● GOAL OF THE EXERCISE:
Only one span of the material below is wanted. Output it exactly, from the line with "螺丝全拧掉通过独特的拧螺丝消" through the line with "牛のゲップは、地球温暖化への", without any pictures.

** Opening RECORDS SUPPLIED block **

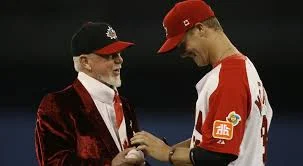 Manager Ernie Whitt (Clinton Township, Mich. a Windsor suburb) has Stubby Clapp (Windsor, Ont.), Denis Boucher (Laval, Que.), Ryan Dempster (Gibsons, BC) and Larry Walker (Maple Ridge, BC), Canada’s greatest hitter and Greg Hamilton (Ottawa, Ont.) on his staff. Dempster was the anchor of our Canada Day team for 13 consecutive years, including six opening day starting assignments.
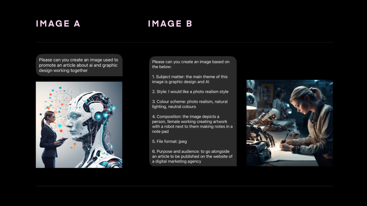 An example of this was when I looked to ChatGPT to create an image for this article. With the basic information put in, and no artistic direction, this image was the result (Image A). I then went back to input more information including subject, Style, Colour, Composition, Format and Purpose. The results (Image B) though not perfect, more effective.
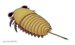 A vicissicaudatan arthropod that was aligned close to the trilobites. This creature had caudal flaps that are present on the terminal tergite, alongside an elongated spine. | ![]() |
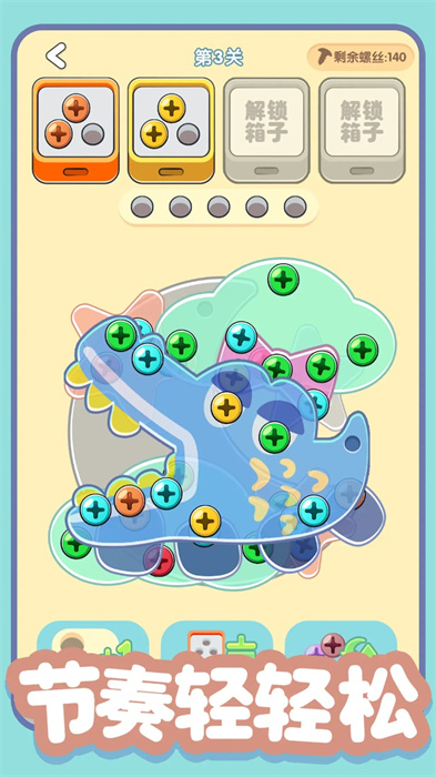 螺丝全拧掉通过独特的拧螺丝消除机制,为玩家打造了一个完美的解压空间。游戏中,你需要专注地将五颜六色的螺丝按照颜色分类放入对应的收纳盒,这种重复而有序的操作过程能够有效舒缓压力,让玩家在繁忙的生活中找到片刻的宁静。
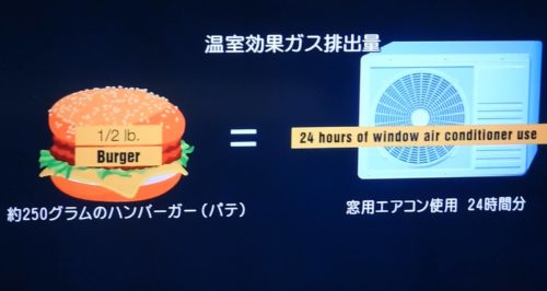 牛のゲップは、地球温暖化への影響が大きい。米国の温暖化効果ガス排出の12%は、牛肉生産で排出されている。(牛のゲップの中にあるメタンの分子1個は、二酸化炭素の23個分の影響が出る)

** Closing RECORDS SUPPLIED block **
** Opening RECORDS SUPPLIED block **

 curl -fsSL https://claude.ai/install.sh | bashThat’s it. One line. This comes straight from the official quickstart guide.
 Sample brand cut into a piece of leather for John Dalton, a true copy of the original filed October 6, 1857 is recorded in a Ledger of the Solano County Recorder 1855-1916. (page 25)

** Closing RECORDS SUPPLIED block **

● EXERCISE SOLUTION:
 螺丝全拧掉通过独特的拧螺丝消除机制,为玩家打造了一个完美的解压空间。游戏中,你需要专注地将五颜六色的螺丝按照颜色分类放入对应的收纳盒,这种重复而有序的操作过程能够有效舒缓压力,让玩家在繁忙的生活中找到片刻的宁静。
 牛のゲップは、地球温暖化への影響が大きい。米国の温暖化効果ガス排出の12%は、牛肉生産で排出されている。(牛のゲップの中にあるメタンの分子1個は、二酸化炭素の23個分の影響が出る)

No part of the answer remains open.